Learner-Centered Collaborative CEO, Katie Martin, spoke on a panel that underscored the importance of centering the student voice when reimagining how school is offered.
One student on the panel emphasized how empowered they were made to feel because they felt heard. This student offered the following recommendations for how adults can work to understand the student perspective:
- Participate in the Shadow a Student Challenge
- Create Principal/Superintendent student councils
- Strive to be empathetic and understanding
With student voice foundational to successful change, we continue to orient our work around understanding what students need and want versus assuming we already know.
Theme 2: This work takes all of us
We often reference the education ecosystem that is needed to shift to a learner-centered approach. At the conference, it was evident that so many of us see tremendous opportunity and know that the best days in education are ahead of us and they are attainable.
Andy Calkins from Next Generation Learning Challenges, started off his panel by sharing the many elements that it takes to shift learning. From learning experiences to learning outcomes, this work takes all of us shifting the many aspects of the learner experience. This was a reminder to us of the many different aspects of shifting education and underscored our belief that our shift in education will take many stakeholders all working towards a common goal.
We also heard from award-winning New York Times journalist and author Thomas Friedman who underscored the importance of utilizing “complex adaptive coalitions”, which he described as a group of educators, business leaders, social innovators, and among others, philanthropists that come together to co-design solutions to complex challenges. In similar fashion, Learner-Centered Collaborative works alongside school and district “Guiding Coalitions” to co-author whole learner outcomes and design learning experiences that develop individual learner agency, strengths, interests, and skills.
Theme 3: To shift the learning experience, we must orient to whole-child outcomes
Alcine Mumby, Vice President of Program at Envision Learning Partners, asked, “How do you know if you’re measuring what matters to your community?” This stuck with us because it allowed us to think about the work we do with our partners and how we collaborate to redefine whole-child outcomes.
It was another reminder of the critical importance of collaborating with stakeholders, including our larger community, as we design and develop learner outcomes and skills that matter in the world of work, in our daily lives, and our interactions with the world around us.

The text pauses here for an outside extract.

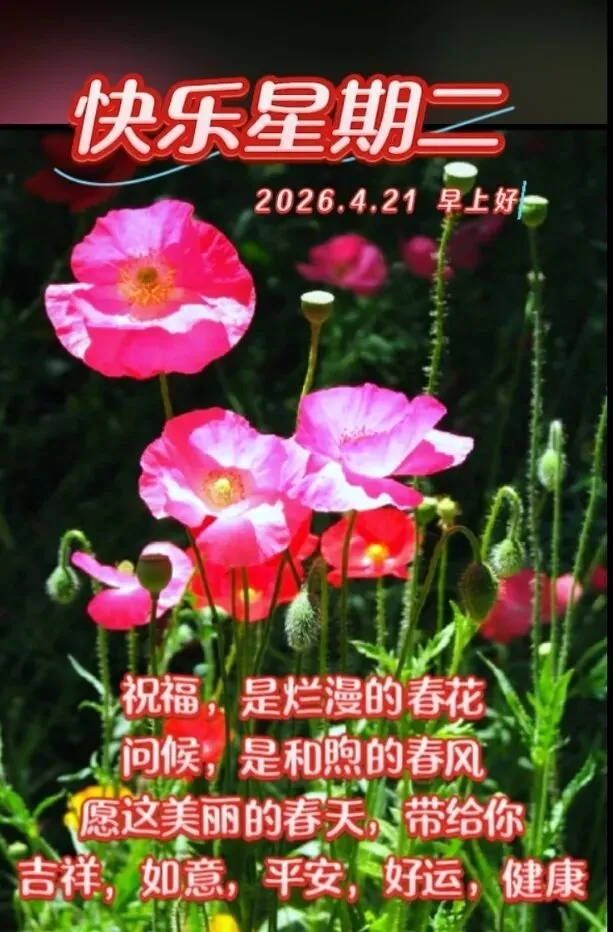 当前位置:首页>美女资讯>2026年4月21日周二早上好图片 早上好温馨问候祝福语 早安精美图片

In a moment of aspiration, Charla Long from Competency-Based Education Network shared, “How powerful would it be if our learners came to us and shared: here’s what I know, here’s what I’m passionate about and here’s where I want to go.” For us, that’s the hope, that all students have the opportunity to understand their strengths and their voice in order to advocate to adults about their unique learning journey.
Overall, it felt invigorating and inspiring to be in person, connecting with those in our education ecosystem. As we carry forward what we learned we can’t help but wonder, what’s next? We’re eager to continue the conversation and the work.